Enhancer associated transcription factor activity (Extended Data Figure 8a)
Enhancer calling
Active enhancers were selected using the following criteria: 1) open chromatin region marked by ATAC-seq peak, 2) located outside of transcription start site (−2kb to +100bp), and 3) have at least 16 tag counts in the H3K27ac peak overlapping with the ATAC-seq peak. Peak calling and annotation were performed using Homer findPeaks and annotatePeaks.pl functions, as previously described. Fetal and postnatal specific enhancers are defined as enhancers that are not overlapped between fetal and postnatal groups.
Transcription Factor Motif
Instances of transcription factor motifs in enhancers were defined using Homer findMotifsGenome.pl function with -find flag.

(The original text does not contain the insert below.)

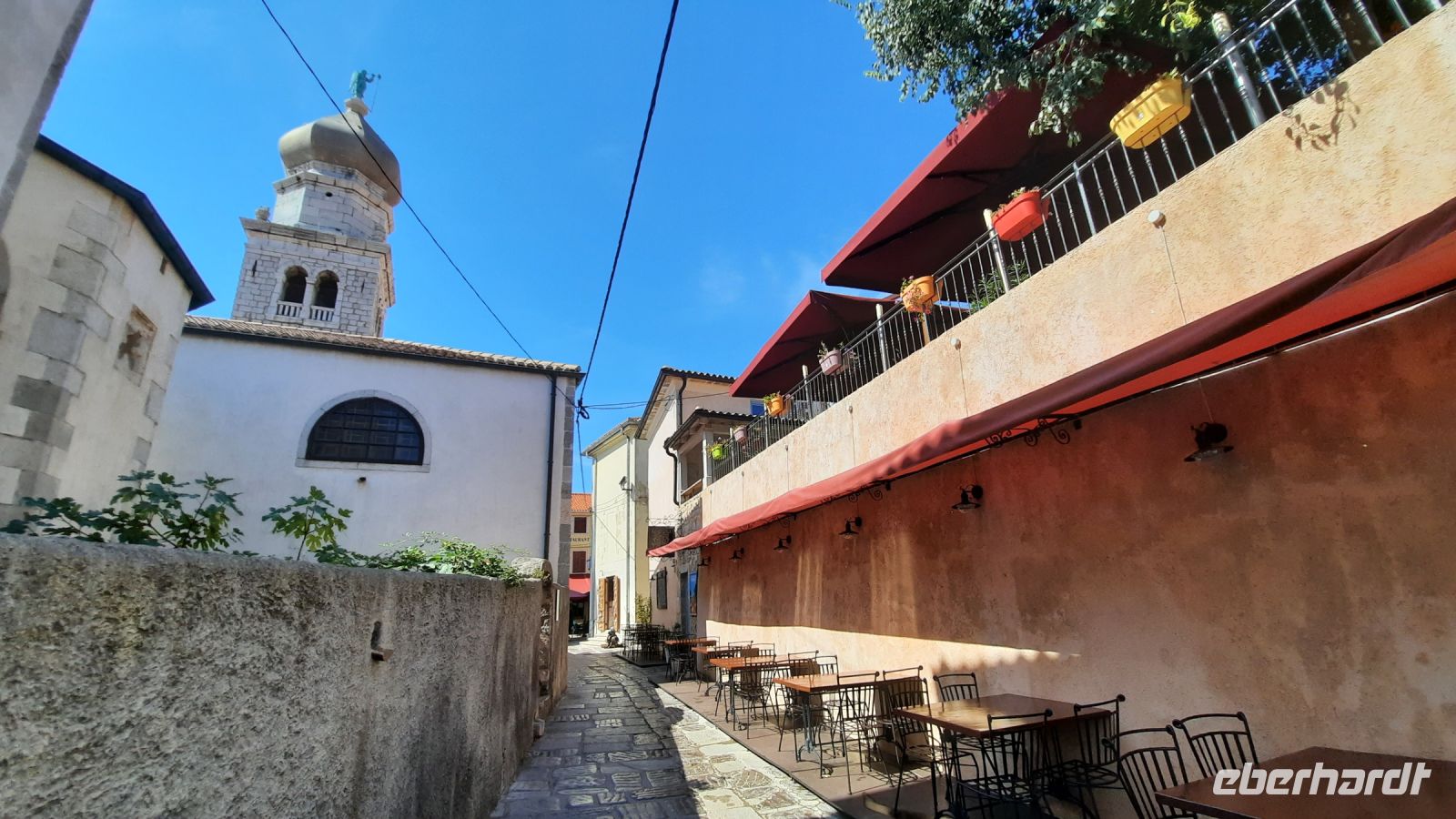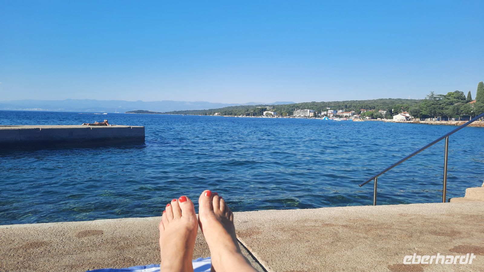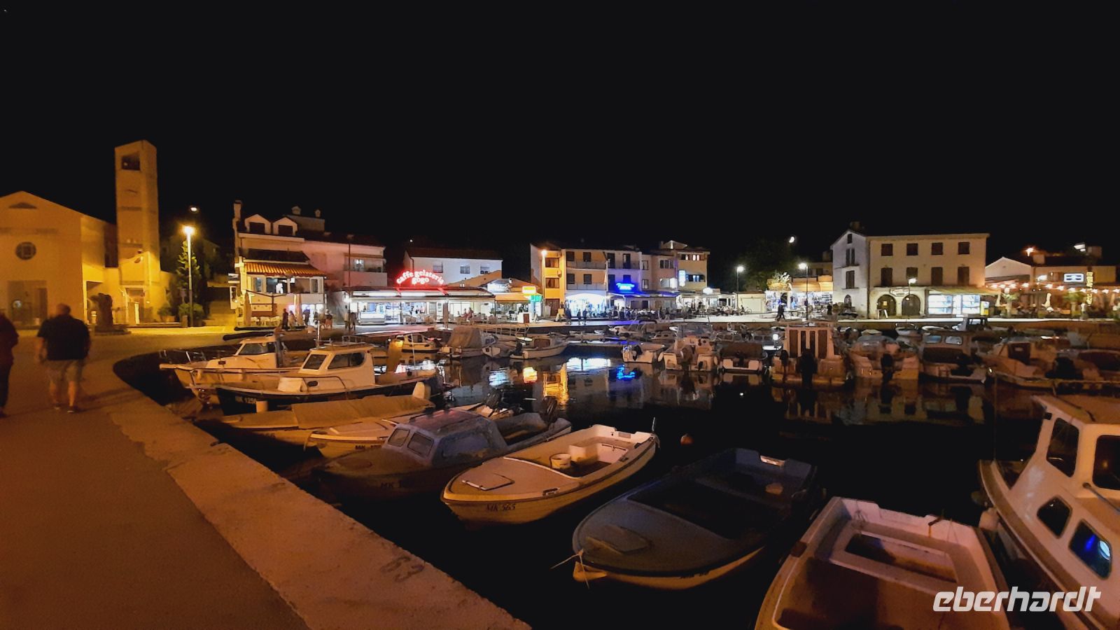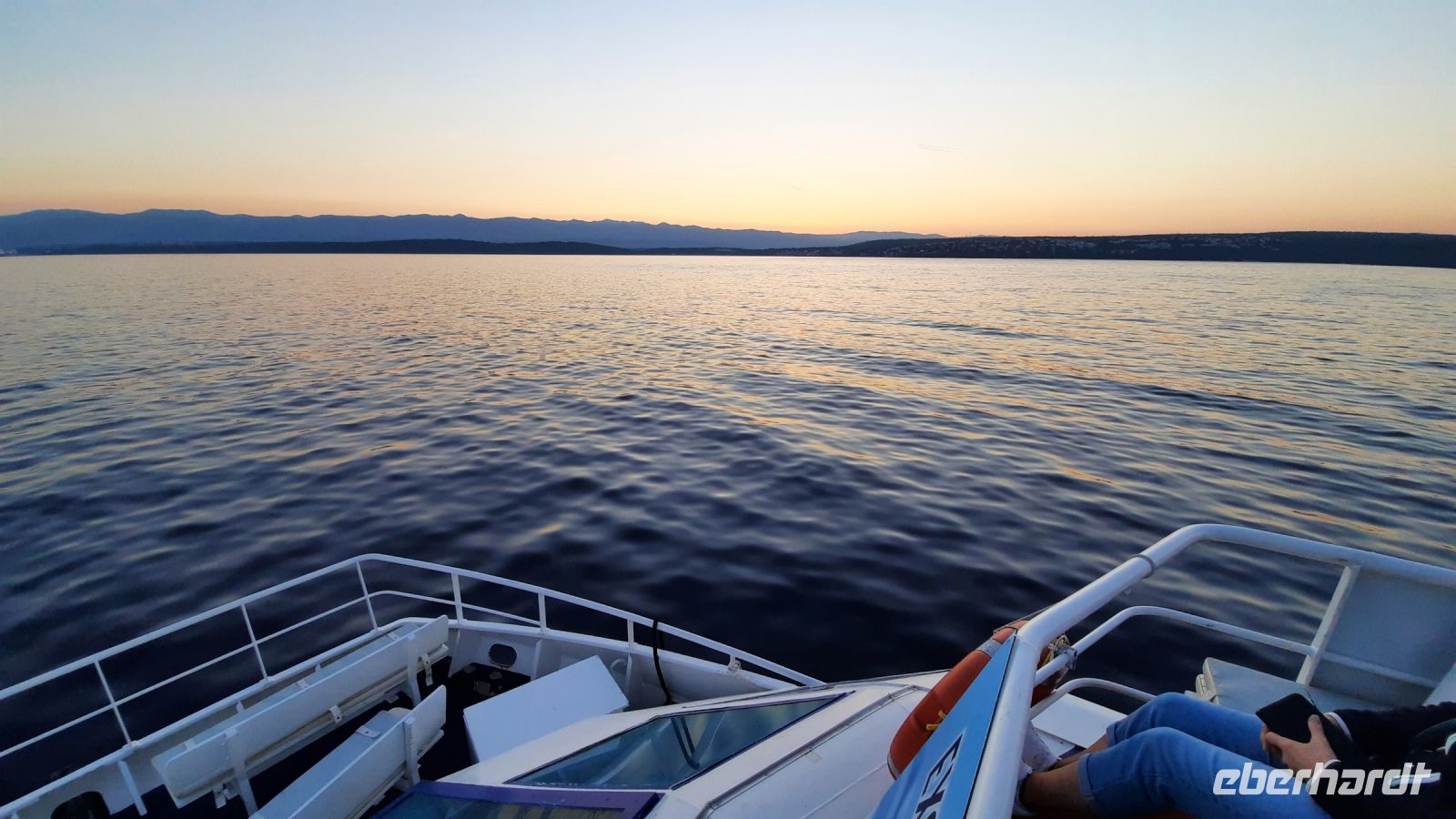 Wir erreichten eine kleine Bucht auf der Insel Cres und gingen von Bord. Ein leckeres Grill-Fischessen stillte unseren Hunger und die anschließende Freizeit nutzten viele, um ausgiebig das glasklare Wasser zu genießen. Vergnügt und gut gelaunt fuhren wir mit Sommermusik wieder zurück zur Insel Krk und genossen erneut ein Bad im Meer. Nach dem Abendessen schlenderten noch einige Gäste bis zum hübschen Hafen.
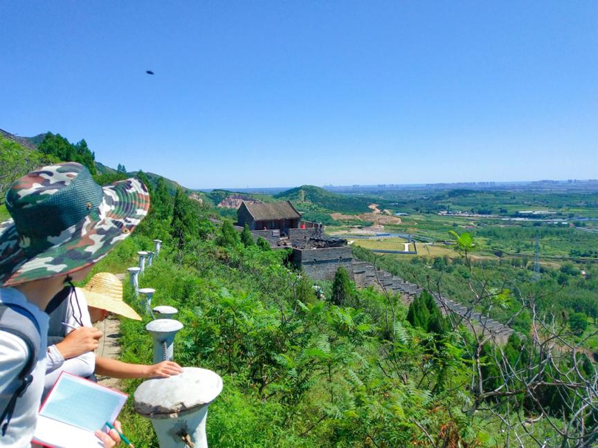 两个半小时的车程没有让大家的热情消退半分。上午十点,我们来到了风光秀丽的角山长城,雄奇的险峰屹立,古老的长城连绵不断,坐落群山之中,烽火台的残垣断壁向我们诉说着王朝更迭,历史兴衰。大家都被壮美的风景深深吸引,沿着盘山的栈道,在老师的带领下向着群山之中走去。

The reference motif library for motif identification was downloaded from Jaspar non-redundant vertebrates motif library (http://jaspar.genereg.net/downloads/) and converted using MAGGIE22. We used the distance method to assign enhancers to target genes. Motifs identified in enhancers that were assigned target genes were then used to construct transcription factor – target gene networks (TF-gene networks). Only transcription factors with mean expression at least 16 TPM from either bulk fetal RNA-seq or postnatal RNA-seq dataset were considered. Separate TF-gene networks were constructed for fetal and postnatal groups.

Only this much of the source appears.